DATASET RECORDS ▸
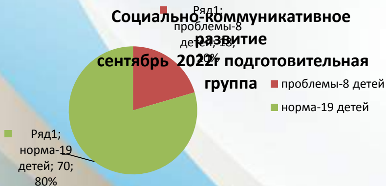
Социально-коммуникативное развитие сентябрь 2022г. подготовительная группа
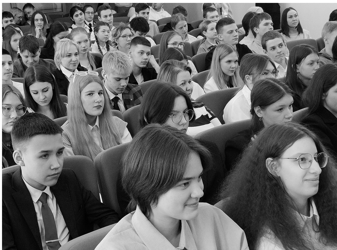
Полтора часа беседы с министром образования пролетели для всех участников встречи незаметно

---

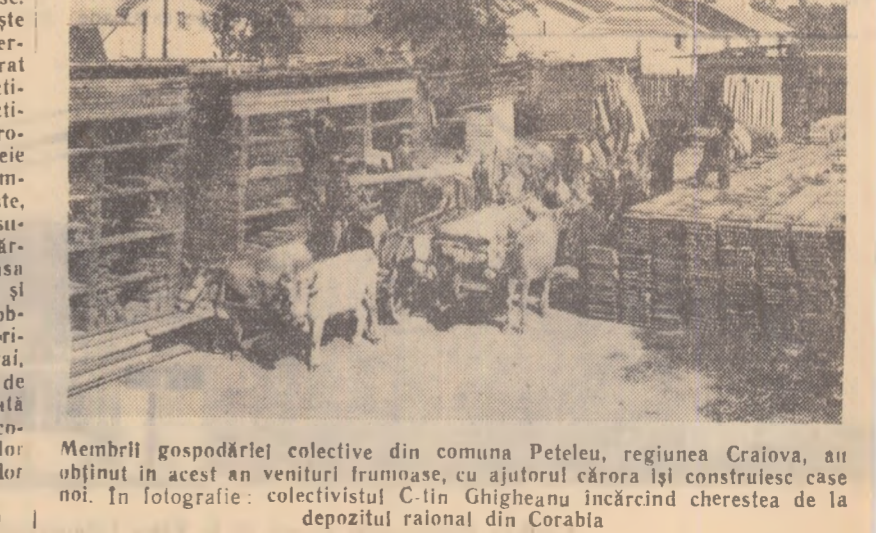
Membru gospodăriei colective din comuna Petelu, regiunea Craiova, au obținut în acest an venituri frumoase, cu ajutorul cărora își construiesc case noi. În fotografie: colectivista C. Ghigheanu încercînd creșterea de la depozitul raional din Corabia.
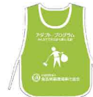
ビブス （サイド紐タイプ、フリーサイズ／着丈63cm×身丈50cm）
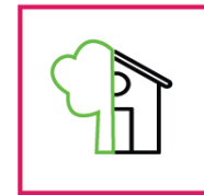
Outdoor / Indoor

WHAT THIS TASK INVOLVES ▸
When copying from the data above, print only the lines from the line containing "Социально-коммуникативное развитие сентябрь" to the line containing "Полтора часа беседы", exactly, and leave the pictures out.

SOLUTION ▸
Социально-коммуникативное развитие сентябрь 2022г. подготовительная группа
Полтора часа беседы с министром образования пролетели для всех участников встречи незаметно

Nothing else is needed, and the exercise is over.